The JSON file with a information on trips looks like:
[
{ "reason": "Holidays", "origin": "GVA", "destination": "KEF", "dates": ... }
{ "reason": "Work", "origin": "GVA", "destination": "SFO", "dates": ... }
{ "reason": "Holidays", "origin": "GVA", "destination": "LCY", "dates": ... }
]
We want to join both collections using the IATA_FAA
field of the CSV file with the destination
field of the JSON file.
Since we want an equality, we will use an equijoin.
The Collection.EquiJoin
function receives both collections to join, then a function per collection to obtain the join key, as shown:
let trips = Json.InferAndRead("https://raw-tutorial.s3.eu-west-1.amazonaws.com/trips.json"),
airports = Csv.InferAndRead("https://raw-tutorial.s3.eu-west-1.amazonaws.com/airports.csv")
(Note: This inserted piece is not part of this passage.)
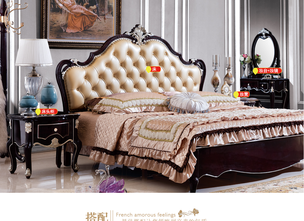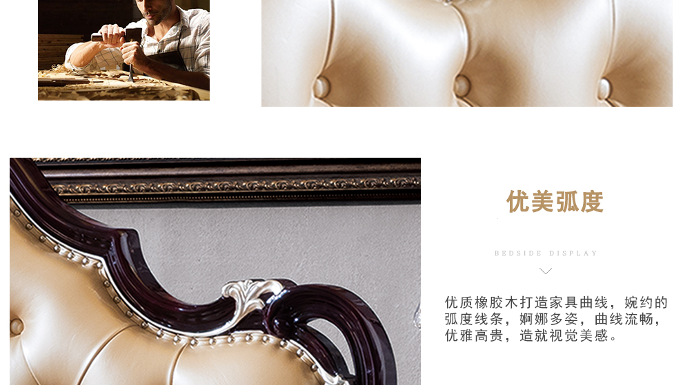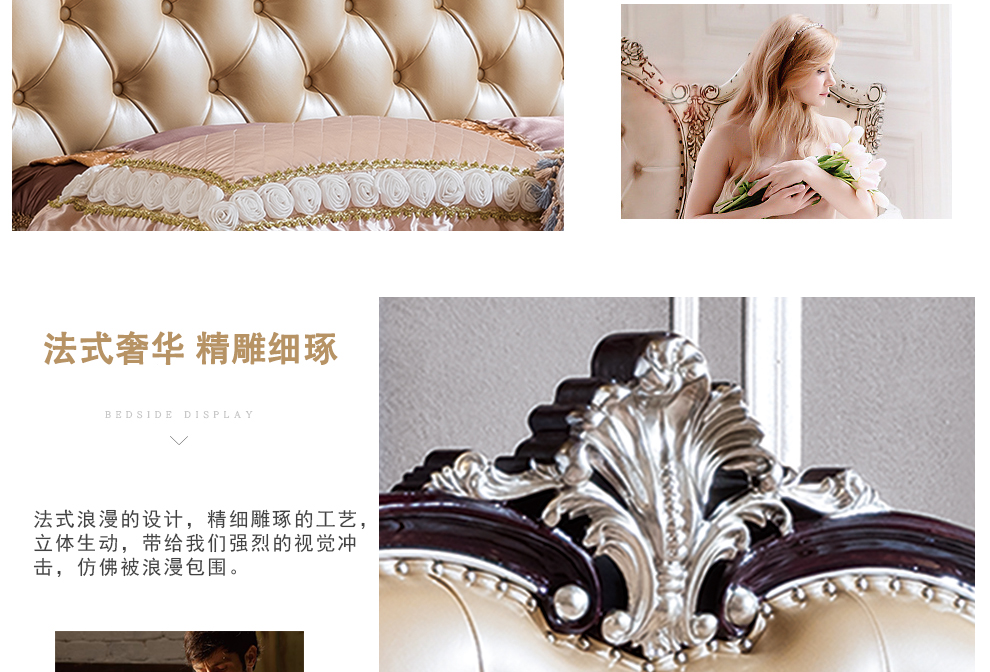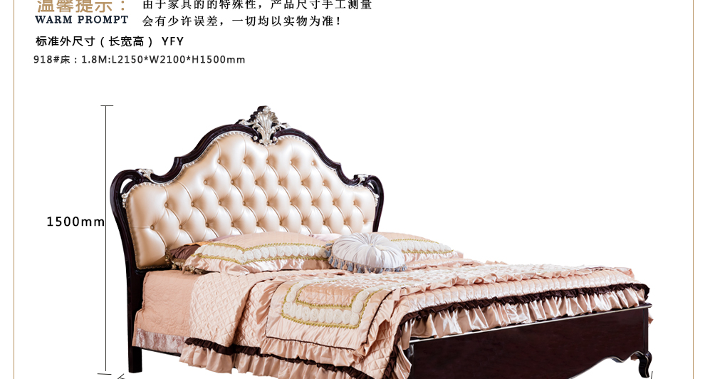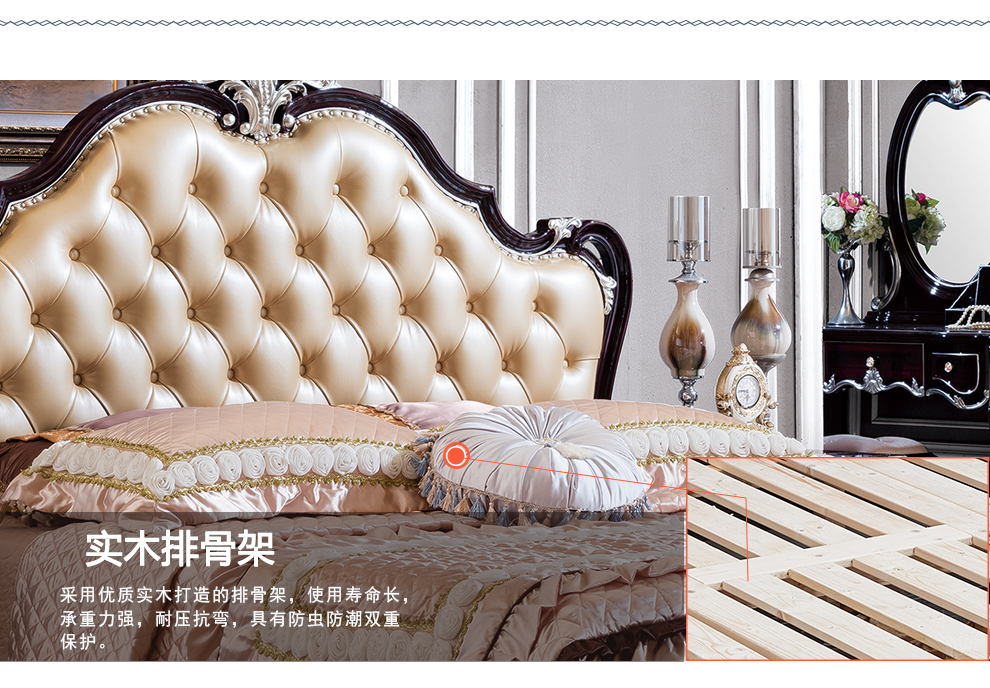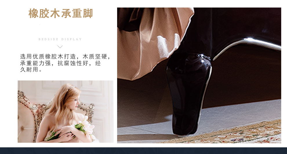商品名称:△千匠一品法式风格精选优质橡胶木1.8M床918-H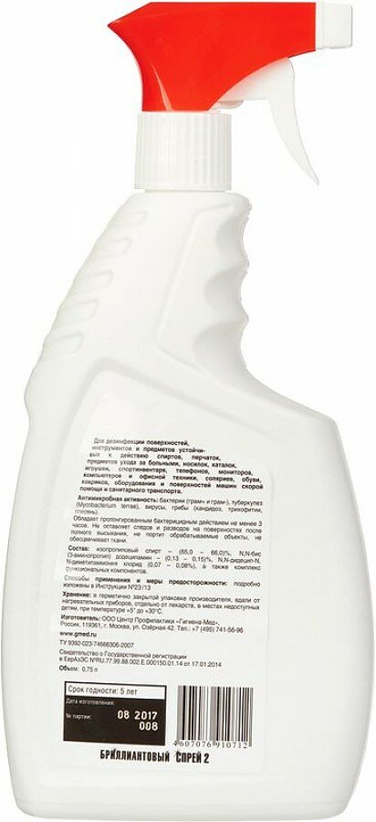 Гигиена Мед Средство дезинфицирующее для поверхностей и оборудования Бриллиантовый спрей 2, 750 мл

in Collection.EquiJoin(trips, airports, trip -> trip.destination, airport -> airport.IATA_FAA)
We can also express the same join condition but using Collection.Join
instead.
The Collection.Join
function receives both collections to join, then a function with elements from both collection that defines the join condition, as shown:
let airports = Csv.InferAndRead("https://raw-tutorial.s3.eu-west-1.amazonaws.com/airports.csv"),
trips = Json.InferAndRead("https://raw-tutorial.s3.eu-west-1.amazonaws.com/trips.json")
in Collection.Join(trips, airports, (trip, airport) -> trip.destination == airport.IATA_FAA)
If you want to try some examples using joins, you can deploy the following endpoints:
Joining two collections
- Overview
- Code
Sample usage:
/trips
main() =
let
trips = Json.InferAndRead("https://raw-tutorial.s3.eu-west-1.amazonaws.com/trips.json"),
airports = Csv.InferAndRead("https://raw-tutorial.s3.eu-west-1.amazonaws.com/airports.csv")
in
Collection.EquiJoin(trips, airports, (trip) -> trip.destination, (airport) -> airport.IATA_FAA)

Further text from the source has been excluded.